6/07/2005 07:55:00 PM|||J. Rodgers|||

Finally the seven foot pile of cloths remaining from the Vintage Garage is in bags awaiting their return to the Goodwill.
The remaining crap from my childhood and my parent’s life has been stuffed into the other half of my two car garage I call home. The plywood desk has been cut, the microwave plugged in, and the water cooler has been ordered.
The Lexicon Project, finally, has an office. Though still reeking urine from my dead cat, we finally have a space to create.

Granted things are not as bad as they read, remember I am a photographer, not a writer; written word always seems to read better there is a sense of desperation.
Though unfortunately I just realized this blog thing does not have a spell check; again, remember, I am a photographer not a writer.

From our office we are creating an educational outreach program that will work to educate children about community; what it is, what it means, who it represents; all through the use of photography.
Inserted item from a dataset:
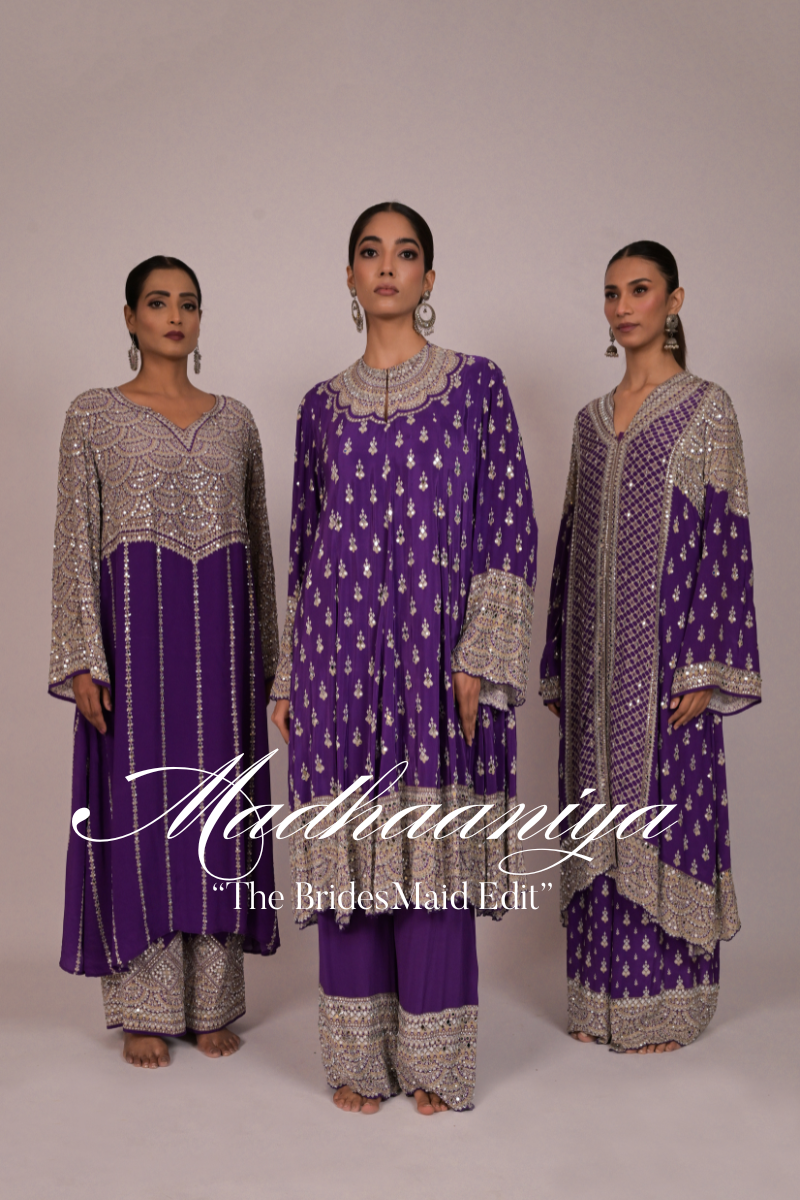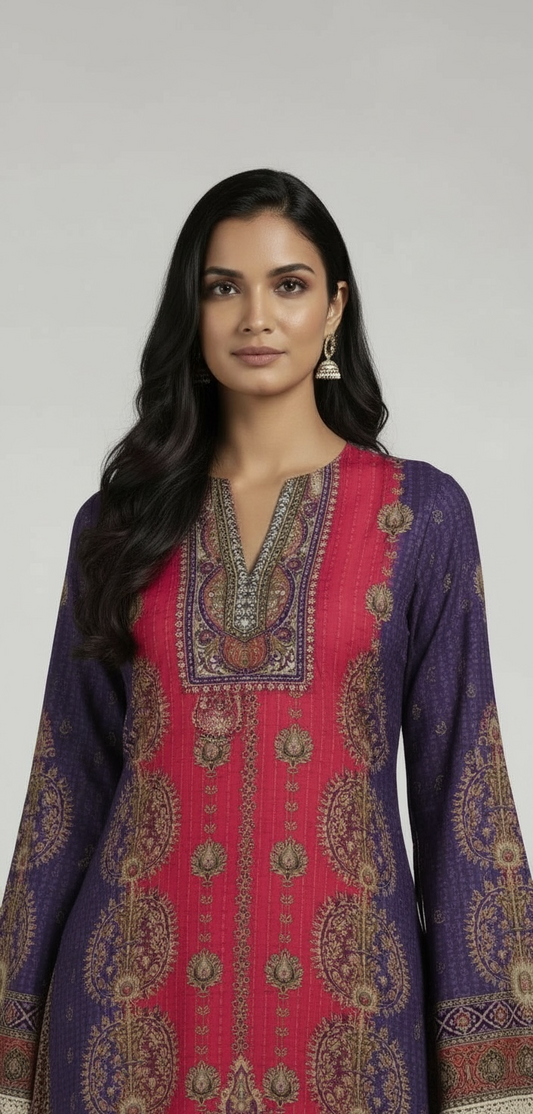 Pink & Dark Purple Embroidered Kurta With Tulip Pants

I believe the hard part in creating community based critical thinking skills is the divide between how people see their community and how they see their interaction within. It is my belief that photography has the power to empower people to interact with their vision of their community and envision a path to this end; though the task is never ending.

The Lexicon Project is beginning with the Castlewood community center in late June to place cameras in the hands of kids, after a bit of photographic education as well as community development skills they will be released to interact with themselves, their family and their community.
Early July the Lexicon Project will work the same curriculum, after a bit of review, with children at the Carnegie Center's Camp Carnegie.
At the close of Camp Carnagie the Project will focus its photographic outreach program, dubbed "operation phototivity," on children within the Hispanic community. With a grant from the Kentucky Arts Council the project will place cameras in the hands of the Hispanic community to allow one of our cities fastest growing minority populations to show us how they see our city and their place within. From here the goal is to create an educational curriculum with FCPS educator Jenny O'Neil that will mesh with the Kentucky Core Curriculum and eventually be entered into the standard high school educational curriculum.

Our government fells the complete right to gut creative educational programs when the wind blows south, while at the same time speaking to the constant creationist idea of critical thinking. What they always choose to ignore is that through creativity we find the strongest critics.

Hopefully the smell of cat urine will fade over time, or perhaps my hours in the office will find me accustom to the stench of urea. Irregardless my view is of the world, that is of course when the garage door is open, and all I see is beauty.